Law graduate founds sports technology company

by Sarah Bello,

  • AJ Alley stands with his original carbon fiber Speed Phreak bicycle
    AJ Alley JD’13 stands with his original carbon fiber Speed Phreak bicycle. Photo courtesy of Alley.

AJ Alley JD’13 turns his love of triathlon into the bike of the year.

Willamette Law graduate AJ Alley JD’13’s days begin early, like those of many lawyers. But he isn’t an attorney.

Alley’s interests in sports and technology have led to a career and his own business focused on an innovative solution for triathletes – a well-made, yet inexpensive, bicycle for beginners. He first became interested in triathlons while studying for the bar exam after law school.
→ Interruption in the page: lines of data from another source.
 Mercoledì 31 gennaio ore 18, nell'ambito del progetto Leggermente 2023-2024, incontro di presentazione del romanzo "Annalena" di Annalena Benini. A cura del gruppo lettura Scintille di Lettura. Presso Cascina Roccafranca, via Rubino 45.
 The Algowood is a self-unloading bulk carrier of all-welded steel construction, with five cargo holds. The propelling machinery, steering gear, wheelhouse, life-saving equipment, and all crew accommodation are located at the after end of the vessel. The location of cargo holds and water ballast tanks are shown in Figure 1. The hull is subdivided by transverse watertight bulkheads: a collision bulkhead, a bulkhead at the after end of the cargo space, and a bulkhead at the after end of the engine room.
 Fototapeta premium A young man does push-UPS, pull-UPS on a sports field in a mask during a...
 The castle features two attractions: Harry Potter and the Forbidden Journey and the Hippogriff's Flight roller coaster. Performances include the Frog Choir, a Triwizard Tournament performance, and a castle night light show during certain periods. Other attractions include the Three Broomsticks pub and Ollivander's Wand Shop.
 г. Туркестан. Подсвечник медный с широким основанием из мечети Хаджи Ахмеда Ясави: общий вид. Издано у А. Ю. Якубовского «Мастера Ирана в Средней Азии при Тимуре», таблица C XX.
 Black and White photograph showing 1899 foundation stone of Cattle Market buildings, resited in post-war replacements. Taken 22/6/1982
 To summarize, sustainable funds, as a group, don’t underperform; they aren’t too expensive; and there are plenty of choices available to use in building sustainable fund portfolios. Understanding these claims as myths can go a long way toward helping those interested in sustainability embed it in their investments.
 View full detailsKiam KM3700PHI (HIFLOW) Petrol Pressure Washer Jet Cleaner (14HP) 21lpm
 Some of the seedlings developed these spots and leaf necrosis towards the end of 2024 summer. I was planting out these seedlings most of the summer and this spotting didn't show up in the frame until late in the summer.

Training for the competitions allowed him to “blow off steam,” he said.

But when he first began looking into the races, he encountered an overwhelming obstacle, especially as a new graduate from law school. The average price for a beginner triathlete’s bike was around $2,200-$2,500. He thought that was too expensive, and he also thought they didn’t need to cost that much. With online and direct-to-consumer sales becoming more and more common, he knew he could bring the cost down by using those sales methods and by building a different bike.

Alley called bike shops and reached out to manufacturers. He even visited Taiwan, where most of the world’s bicycles are made, coming up with the design for his original carbon fiber Speed Phreak bicycle and founding his business, A-Squared Bikes, not long after, in 2017.
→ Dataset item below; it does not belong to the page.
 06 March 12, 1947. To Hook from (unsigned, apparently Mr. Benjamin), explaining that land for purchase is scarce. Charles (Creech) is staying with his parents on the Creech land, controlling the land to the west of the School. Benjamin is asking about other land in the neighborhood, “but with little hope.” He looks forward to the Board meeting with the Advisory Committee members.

Alley’s new bicycle starts at $1,899. A-Squared offers a program allowing customers to purchase a bike, use and pay for it over 18 months, then trade it in for a brand-new bike with a new 18-month contract. Customers can also choose to continue paying off the original, keeping it after 24 months.

The business, and the bike, took off. Triathlete Magazine, with a readership of more than 80,000 people, has featured the Speed Phreak more than once, naming it the Entry Level Buyer’s Guide Bike of the Year in 2019. LAVA Magazine, a periodical for those interested in Ironman and other extreme triathlon competitions, also wrote about the bike.

Alley said A-Squared is still a young company, but he’d like to continue to build on its successes.

“It’s not as much selling more bikes as it is enabling more triathletes,” he said. “I didn’t get into this to sell bikes or make money. I want to grow the sport and get more people into it, enjoying something that gives me so much stress relief.”

In addition to his work with A-Squared, Alley also runs the administrative side of velofix, a mobile bike repair business. When customers’ bikes need service, velofix sends a van out to them, completing the repairs in much less time than bringing the bike to a shop. Alley focuses on the company’s three Oregon territories and said he’s lucky to work for two businesses whose focus aligns so well with his hobby.

As for his law degree, Alley said he still applies his legal training to his work, despite not working as an attorney.

“Law school teaches you a way to think critically. You approach problems very differently,” he said. “The lessons I learned in the classroom, through Moot Court and interacting with really high caliber individuals has shaped my outlook and work ethic within the company.”